-- Task requirements --
Retype exactly what runs from the first line of the data to the line with "Wholesale 925 Sterling", keeping both of those lines and skipping pictures.

-- Given information --
**********

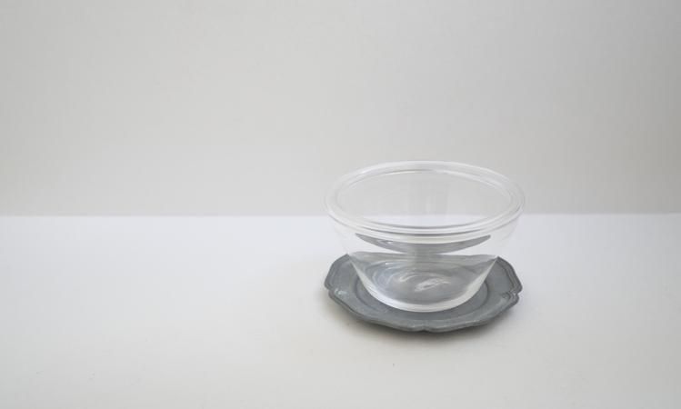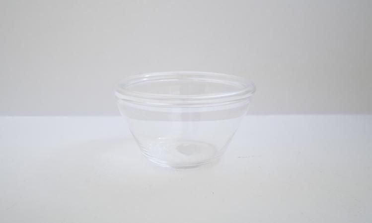 ふち折り返しの透明なカップです。デザートやサラダに。
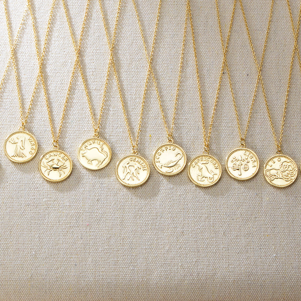 Wholesale 925 Sterling Silver Gold Plated Jewelry Dainty Choker Astrology Zodiac 12 Signs Round Coin Horoscope Pendant Necklace
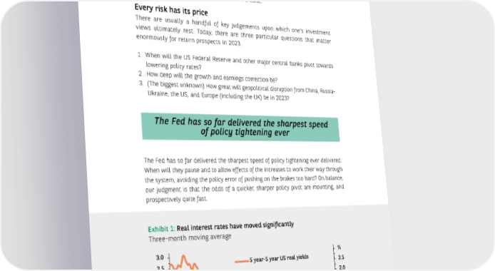 INVESTMENT OUTLOOK FOR 2023 - 11 - not accurately reflect what we believe are favourable fundamentals. We are not yet ready to add more broadly to riskier assets such as equities. We are still concerned over greater downside to both growth and earnings, and continued geopolitical uncertainty could weigh further on cash flow projections. At the same time, we acknowledge that areas including long-duration US tech companies are starting to look interesting as 2022 draws to a close. Every risk has its price There are usually a handful of key judgements upon which one’s investment views ultimately rest. Today, there are three particular questions that matter enormously for return prospects in 2023. 1. When will the US Federal Reserve and other major central banks pivot towards lowering policy rates? 2. How deep will the growth and earnings correction be? 3. (The biggest unknown) How great will geopolitical disruption from China, Russia- Ukraine, the US, and Europe (including the UK) be in 2023? The Fed has so far delivered the sharpest speed of policy tightening ever The Fed has so far delivered the sharpest speed of policy tightening ever delivered. When will they pause and to allow effects of the increases to work their way through the system, avoiding the policy error of pushing on the brakes too hard? On balance, our judgment is that the odds of a quicker, sharper policy pivot are mounting, and prospectively quite fast. Exhibit 1: Real interest rates have moved significantly Three-month moving average 3.0 % 2.5 5 year-5 year US real yields 2.5 2.0 2.0 1.5 1.5 1.0 1.0 0.5 0.5 0.0 0.0 -0.5 -0.5 -1.0 -1.0 -1.5 -1.5 2005 2010 2015 2020 Data as at 25 Oct. 2022. Sources: Bloomberg, BNP Paribas Asset Management.

**********

-- Reply to the exercise --
 ふち折り返しの透明なカップです。デザートやサラダに。
 Wholesale 925 Sterling Silver Gold Plated Jewelry Dainty Choker Astrology Zodiac 12 Signs Round Coin Horoscope Pendant Necklace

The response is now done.